GitHub Issue Watcher is an intelligent issue monitoring platform that tracks GitHub repositories for keyword-matched issues and uses OpenAI to analyze relevance with precision scoring. It features a task queue system, rate limiting, batch processing, and automated email notifications—keeping developers informed without noise.
Why it matters
- AI relevance scoring: OpenAI analyzes each issue for true relevance (0-100 score), not just keyword matching—eliminates false positives
- Smart batching: Processes 1000 issues at a time with concurrent workers, optimized for provider rate limits
- Task queue system: Distributed worker architecture with locks, retries, and priority queueing
- Rate limiting: Per-user token and request tracking prevents API overuse
- Progressive emails: Send partial results every 200 issues, final digest on completion
- Real-time dashboard: Live updates via Convex with sortable tables and expand/collapse views
How it works (brief)
- User submits: GitHub repo URL + keyword (e.g., “bug”, “feature request”, “security”)

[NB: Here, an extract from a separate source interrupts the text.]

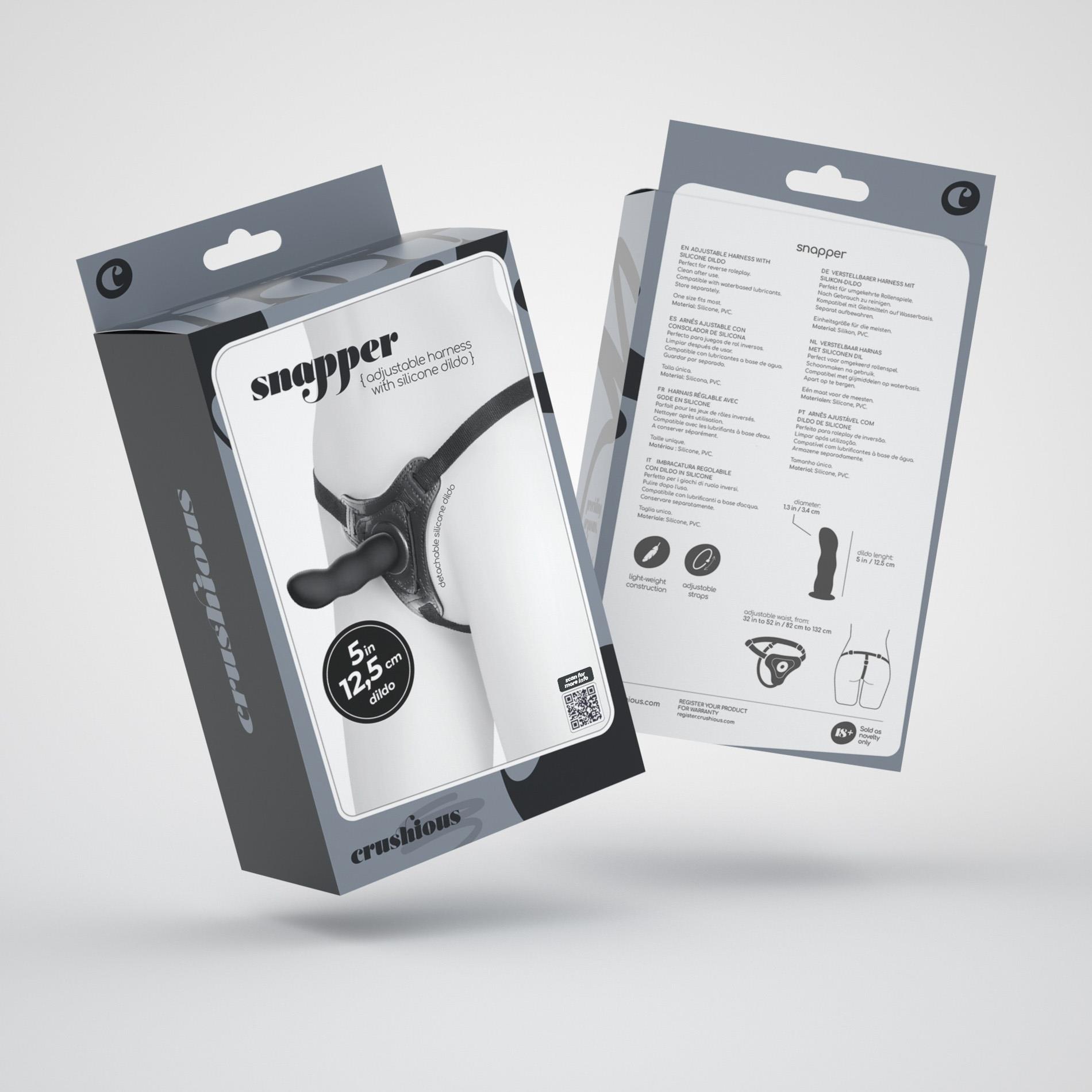 Falowany kształt Snappera zapewnia wyjątkową stymulację, zarówno waginalną, jak i analną. Produkt składa się z dwóch części: praktycznego uniwersalnego harnessu, który pasuje do większości sylwetek i dildo wykonanym z wysokiej jakości silikonu. Dzięki zapinaniu na zatrzask, montaż oraz demontaż dildo jest szybki i łatwy, co znacząco upraszcza proces czyszczenia. Wykonanie z materiałów takich jak silikon i PVC gwarantuje bezpieczeństwo oraz komfort użytkowania.

- Fetch issues: GitHub GraphQL API pulls all issues with pagination cursor
- Queue tasks: Each issue becomes a task in
analysis_taskstable - Worker processes: LLM worker picks tasks, calls OpenAI for relevance analysis
- Store results: Issues with scores saved to
reportstable - Email notifications: Resend sends progressive updates (every 200) + final digest
Stack
- Frontend: React 19 + TypeScript + Mantine UI
- Backend: Convex (serverless, real-time DB, cron jobs)
- Auth: Convex Auth (email/password + GitHub OAuth)
- GitHub API: Octokit GraphQL for issue fetching
- LLM: OpenAI (GPT-4o-mini for relevance analysis)
- Email: Resend with React Email templates
- Build: Rsbuild (Rspack)
The Problem: Noise in GitHub Issue Tracking
Developers monitoring GitHub repositories face critical challenges:
1. Keyword matching is too broad
Searching for “bug” returns:
- Actual bugs
- Feature requests mentioning “not a bug”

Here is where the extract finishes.